Im letztzitierten Erkenntnis hat der Verwaltungsgerichtshof klargestellt, daß die mit einer Gutachtenserstattung verbundene Einräumung eines Werknutzungsrechtes oder einer Werknutzungsbewilligung die Begünstigung des § 38 Abs. 4 Einkommensteuergesetz 1972 nur dann nach sich zieht, wenn es nach den Verwertungsarten der §§ 14 bis 18 Urheberrechtsgesetz überhaupt Einkünfte aus der Verwertung von Urheberrechten sind, die der Steuerpflichtige erzielt, ein Tatbestandsmerkmal, das in wirtschaftlicher Betrachtungsweise beurteilt werden muß. Es muß sich danach bei Betrachtung des wahren wirtschaftlichen Gehalts um Einkünfte handeln, die für die Verwertung des Urheberrechts zugeflossen sind.
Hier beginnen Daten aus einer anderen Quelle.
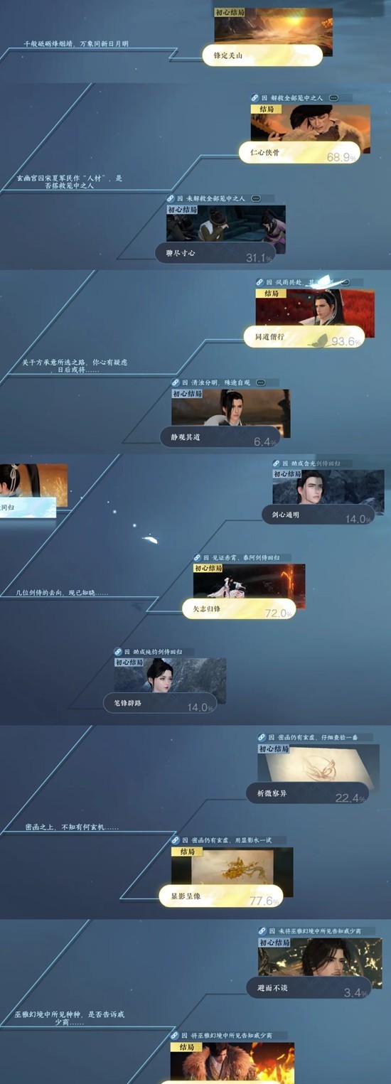 因为主线分了两次开放,如果在第一次开放的主线做完后,做了奇遇“孤剑无烬”、“含光鉴心”、“刀笔之问”,那么结局会是所有剑侍回归的结局。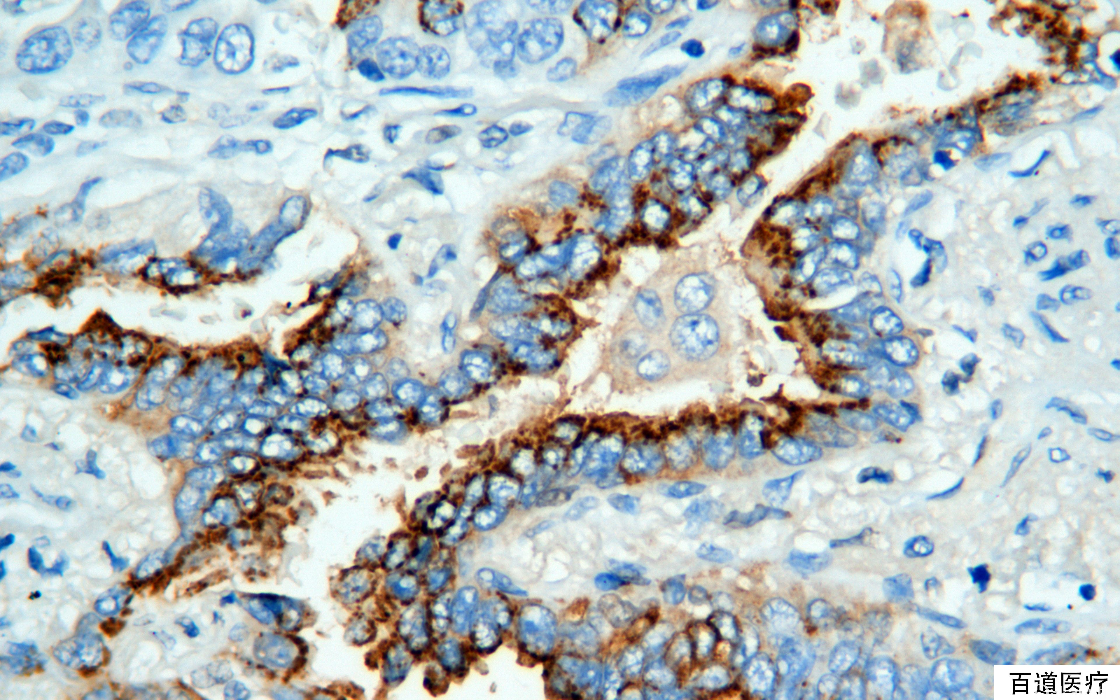 经常阳性(<75%,≥55%的病例阳性): 耳鼻喉鳞状细胞癌、肺鳞状细胞癌、脊索瘤、甲状腺腺瘤、胰胆管腺癌、胃腺癌、前列腺癌,≥gleason8 分、肺腺癌

Wenn einer für die Werknutzung (Verbreitung) vereinbarten Honorierung kein eigenes wirtschaftliches Gewicht beizumessen ist, geht ein solches Honorar im Entgelt für das Gutachten unter, so daß von Einkünften aus der Verwertung von Urheberrechten nicht gesprochen werden kann. Demgegenüber ist bei ausschließlich zur Verbreitung bestimmten Werkstücken, deren Gegenstand neben dem allgemeinen Interesse des Werknutzungsberechtigten am Absatz des Werkes Sonderinteressen seinerseits nicht berührt, eine Abspaltung eines der Begünstigung des § 38 Abs. 4 EStG 1972 nicht unterliegenden Entgeltanteiles für das Werkstück nicht zulässig.

Im vorliegenden Fall hat der Beschwerdeführer geltend gemacht, daß die von ihm erstatteten Gutachten einzig zu dem Zweck in Auftrag gegeben worden waren, Grundlage für die darauf aufbauenden Texte der Fach- und Gebrauchsinformationen über bestimmte Arzneimittel zur Erfüllung der im Arzneimittelgesetz getroffenen Anordnungen zu bieten. Daneben bestehende Sonderinteressen der Auftraggeber am Inhalt der Gutachten hätten nicht vorgelegen.

Wäre dem so, hätte der Beschwerdeführer die Begünstigung des § 38 Abs. 4 Einkommensteuergesetz 1972 für diese Einkünfte mit Recht für sich in Anspruch genommen, weil davon auszugehen wäre, daß der fiktive Entgeltanteil für die bloß als Grundlage der zu verbreitenden Texte anzusehenden Gutachtensausführungen im Werknutzungsentgelt aufgingen.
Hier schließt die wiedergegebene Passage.